TAIPEI: Epistar Corp shares dropped 1.24 percent, underperforming the broader market’s 0.09 percent decline, after reporting a worse-than-expected net loss of NT$99.06 million (US$3.12 million) for last quarter.
The company reported net profit of NT$615.05 million a year earlier and NT$714.11 million in the prior quarter.
Epistar, the nation’s No. 1 LED chipmaker, lost NT$0.11 per share last quarter, compared with the market’s consensus estimate of NT$0.38 earnings per share, mainly due to falling average selling prices amid intensified market competition.
“The disappointing results were mainly due to a nearly 10 percent decline on the average selling prices for both raw and packaged chips due to strong competition from China and poor product mix,” Primasia Securities Co analyst Filia Lin said in a note to clients yesterday.

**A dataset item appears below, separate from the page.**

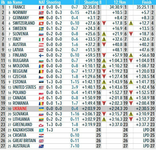 Украинская команда откровенно провалила сингл-микст. Юлия и Антон показали стрельбу на уровне сборной Германии – использовали четыре запасных патрона, однако финишировали украинцы далеко за пределами топ-10. Работа на лыжах совсем не задалась, поэтому Украине удалось завершить гонку на 20-й позиции.
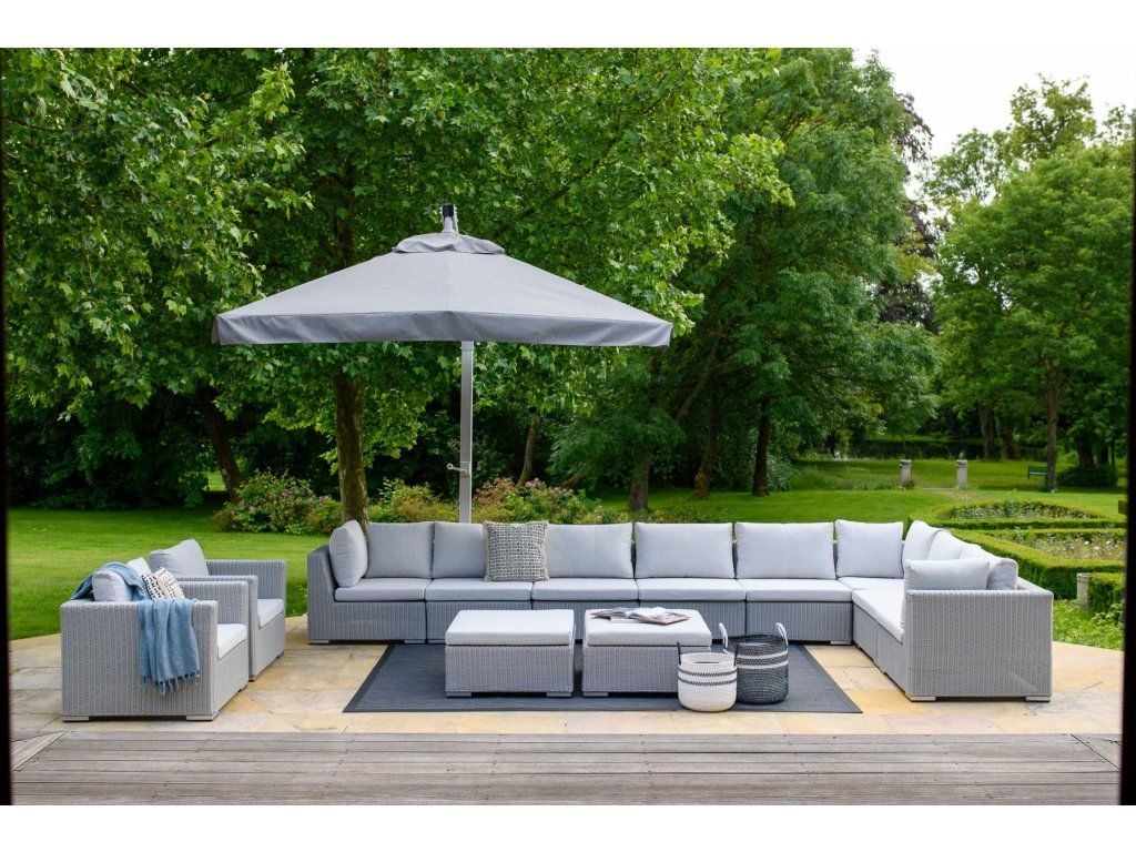 Opierka na nohy AIRA 75X75X30CM HLINÍKOVÝ RÁM, SIVÝ EKO RATAN, SVETLOSIVÝ SLNEČNÝ VANKÚŠ

Epistar shares closed at NT$27.85 in Taipei trading yesterday, having declined 55.72 percent so far this year, Taiwan Stock Exchange data showed.
To safeguard shareholders’ interest, the company’s board on Thursday approved a plan to buy back 20 million of its shares at between NT$25 and NT$40 per share on the open market.
The company plans to spend up to NT$45.52 billion in the buyback scheme, Epistar said.
The scheme started yesterday and is to continue through Oct. 6, it said.
Company chairman Lee Biing-jye in June told shareholders that Royal Philips NV’s price cut for LED bulbs spurred severe pricing competition in the US market last quarter, which promoted LED chip suppliers to lower their prices or redesign chips to meet demand from clients.
However, Lee said the price-cutting has stopped, as there is limited room for price concessions, and he expects Epistar’s core business to improve this quarter on the back of recovering demand for LED lighting products.
Despite Lee’s optimism for this quarter, Primasia said some negative factors remain in sight to put pressure on the firm’s business for the remainder of this year, such as international lighting brands’ demand for cheaper LED chips and pricing competition among Epistar’s peers.
“We believe Epistar may stay in a trough in the second half of this year, despite its solid capability on production capacity, and research and development,” Lin said.
Epistar’s revenue last month climbed 10.47 percent to NT$2.11 billion from NT$1.91 billion in June. However, the number was 24.23 percent lower than the NT$2.78 billion recorded in July last year, company data showed.
From January through last month, cumulative revenue totaled NT$15.52 billion, down 9.48 percent from last year’s NT$17.15 billion.